Background and aims Adductor canal block (ACB) is mainstream for pain management after total knee arthroplasty (TKA). Ultrasound visualization identifies the proper administration of proximal ACB (pACB); however, the large volume of local anesthetics spread proximally may lead the quadriceps deficit. the trial evaluated the potency of pACB with a large or small amount (with the same dose) of levobupivacaine with a double-blinded manner.
Methods Informed consent was received from all subjects and approved by IRB (UMIN26045). Subjects was randomized to receive 25 mg of 0.125% (20 mL) or 0.5% (5 mL) levobupivacaine. a tibial nerve block and multimodal analgesia protocols were provided. We evaluated the attained hours for the discharge criteria (ambulation, adequate knee flexion, using only oral non-opiate analgesics) as a primary outcome, in addition to the knee flexion beyond 120 degrees, the ability of the straight leg raise (SLR) and other postoperative parameters.
Results We analyzed each of the 62 subjects.
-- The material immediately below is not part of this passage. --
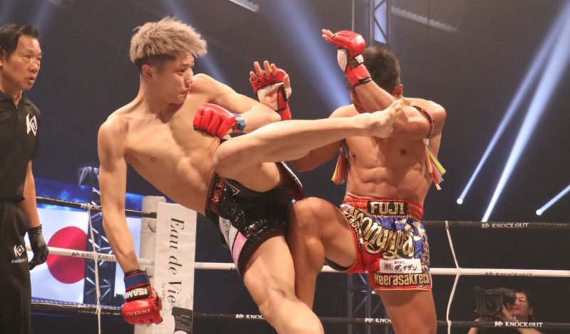 久井がキックを放つ

Median of the hours of the discharge criteria was 55.5 hours in 0.5% and 66 hours in 0.125% (p=0.04). the day of the knee flexion beyond 120 degrees was 6 days in 0.5% and 7 days in 0.125% (p=0.013). the frequency of SLR was 85.4% in 0.5% and 66.1% in 0.125% at immediately after surgery (p=0.02) and 93.5% in 0.5% and 77.4% in 0.125% (p=0.02) on the postoperative day 1.
Conclusions The results suggest only small volume (5 mL) of 0.5% levobupivacaine administration into pACB attained the earlier discharge, the deep knee flexion, and the quadriceps-sparing after TKA.